Samantha Adams: How could that be?
MJ Taylor: I have to tell you, John simply inspired confidence. That large, imposing physique. His soothing authoritative voice. And don’t forget I was in love. I felt like a bride even after five years of marriage. I had no idea I was married to a Bluebeard. And unlike Bluebeard’s bride, when he told me there were places I couldn’t go, questions I couldn’t ask, I obeyed. Unlike her, I absolutely obeyed.
Samantha Adams: Do you think others suspected? His secretary? His colleagues?
MJ Taylor: I never called his office; he forbid me to, said it would disrupt his work. I was only allowed to contact him via email, or through his cell phone. I didn’t call the hotels he stayed at when he was out of town, I never showed up unannounced at any of his award dinners honoring him, any of the celebrations of his professional success. He wanted to keep his professional and personal lives separate, he told me, and I obeyed.
Samantha Adams: Didn’t any of this strike you as strange?
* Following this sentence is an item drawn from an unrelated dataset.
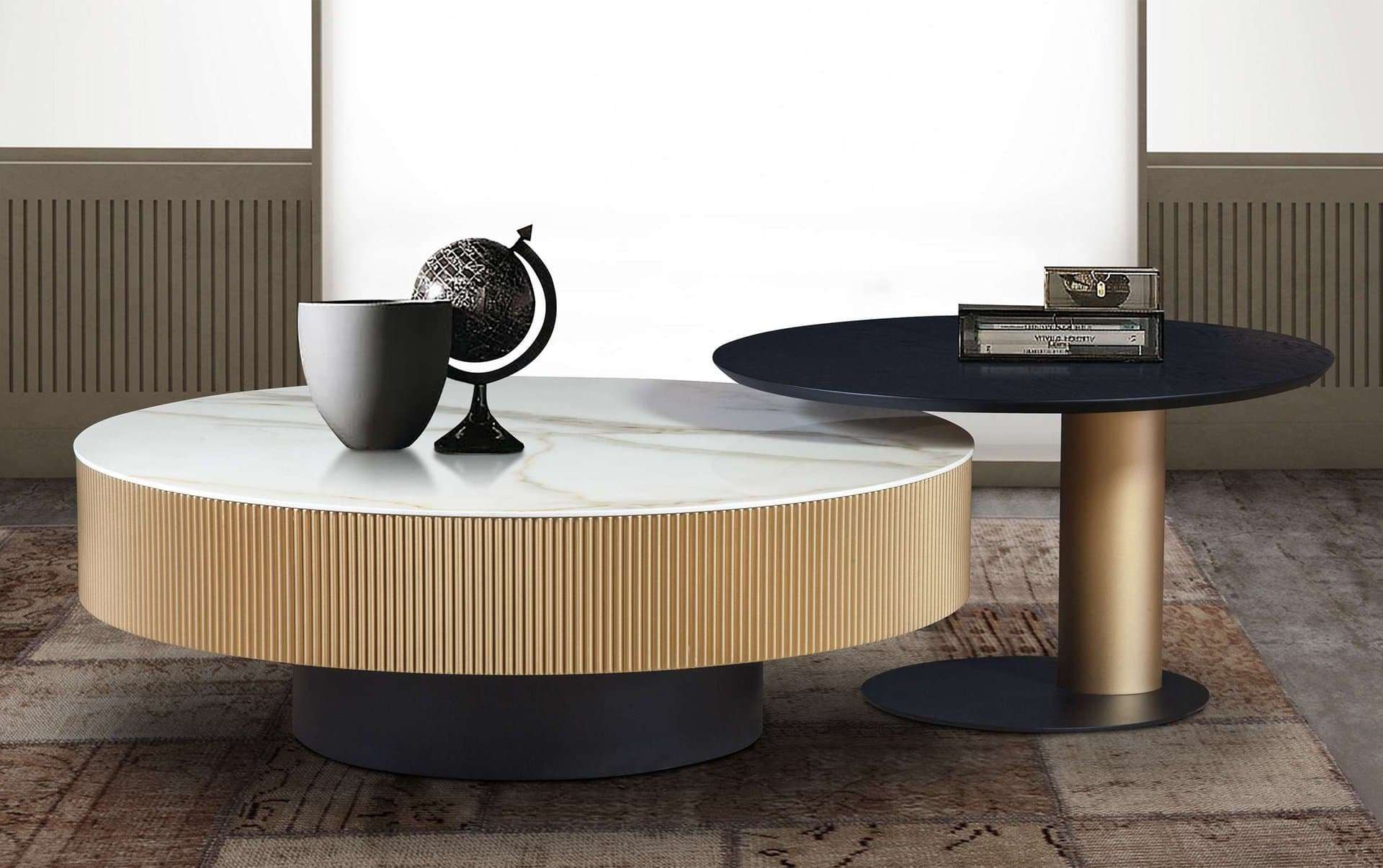 Τραπεζάκια σαλονιού σε ιδιαίτερο design, με κεραμικό και λάκα με εύκαμπτο υλικό, στα χρώματα της επιλογής σας.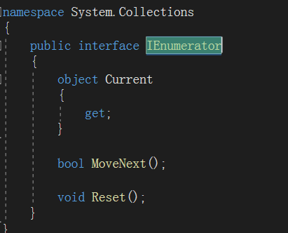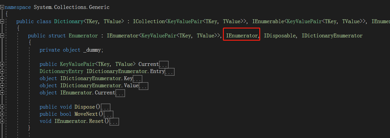 很明显这是个接口,并且字面意思枚举器或迭代器的意思,看下图可以看出这个接口的的目的是一个一个枚举出来,这应该会让你想到Dictionary的foreach

MJ Taylor: Not at the time. Or rather, John was strange. It was one of his charms, his eccentricity. He danced naked in the garden after dark. He kept caramel candies in his bedside table, popped them in his mouth during his frequent awakenings in the night, sucked them until he fell back asleep. Like a two-year-old, he suffered from night terrors, needed sweets as pacifiers.
And I was—am—a little strange myself. The hippy accountant. Fish out of water almost everywhere. Except when I’m with my brother, of course. I’m nothing if not a good big sister. But other than that, an oddball. Until John. I was truly known to him. Do you understand what I mean by that? That was John’s particular magic. My friends said this, too, you felt he saw you, really saw you. Such a man was worth waiting for. Even worth compromising for.
Samantha Adams: Well, how did you meet John Taylor? You seem to come from such very different worlds.
MJ Taylor: We met cute, as they say. Six years ago. I had just been laid off in one of those Silicon Valley purges that seem to happen every ten years or so. Downsizing. Or, as our CEO said when he made the announcement, rightsizing. Meaning me, and about forty thousand other people, were wrong. I went out for drinks with my fellow superfluous humans. Unusual, for me, I’m not a drinker. Neither was John, it was something we had in common. That’s what makes our first encounter in a bar so odd. That day I had a beer. And another. And another. One by one my fellow ex-employees left, and eventually I looked around and realized I didn’t know anyone. Surrounded by strangers! I’d drunk enough to become cranky, but I signaled the bartender, and ordered a real drink, in a real drinker’s glass. That’s how I ordered it, “Give me the drink that comes in that glass.” And I pointed. When it came, I gagged, it was so strong, so bitter. And I hate olives. I sent it back. I rejected it as inferior, as I had been rejected that morning. Rightsizing. Rightdrinking. My voice was too loud, and heads turned. Who expects to see an aging hippy, complete with long flowered skirt and beads, at a watering hole for software project managers and semiconductor sales reps? I was surrounded by young men (all young, young, young) in identical uniforms, khaki pants and blue button-down shirts. Very few women, very few of anyone over the age of thirty. The guy sitting next to me at the bar was the exception.
This man—I guessed his age as midfifties—he reached out across the bar to my rejected drink, picked it up, and took a sip. He made a face. “This is clearly unacceptable,” he said, and smiled at me (an understanding smile). “Wait. Just you see,” he said. “I’ll make you the perfect drink.” He somehow commanded from the bartender the vodka bottle, a handful of lime wedges, a can of cranberry juice, packets of sugar. How did he manage that? He had that way about him. He was clearly used to being in charge, he didn’t even need to raise his voice. If anything, it was the reverse, he was so soft-spoken that you had to lean forward, you had to go to him. And you did so willingly.
John wasn’t dressed particularly well, a worn pair of jeans, and a T-shirt advertising some sort of golfing charity. It turns out he’d been at a boring function at the hotel next door, had slipped away for a break, decided to come into the bar. And he did exactly what he promised. He made me—us, because we shared it—the absolutely perfect drink, semisweet, with a sharp tangy aftertaste. And I was just gone.
Samantha Adams: So what did you know, and when did you know it?
MJ Taylor: Are you recording this? It’s just that you’re not taking any notes.
Samantha Adams: Oh right. I forgot to tell you. Yes, we are videotaping this. See the camera? Is that okay? Or rather do I have your consent to record this interview?
MJ Taylor: Of course, that’s okay. I have nothing to hide. Record away . . . What was the question again?
Samantha Adams: When did you find out about the other wives?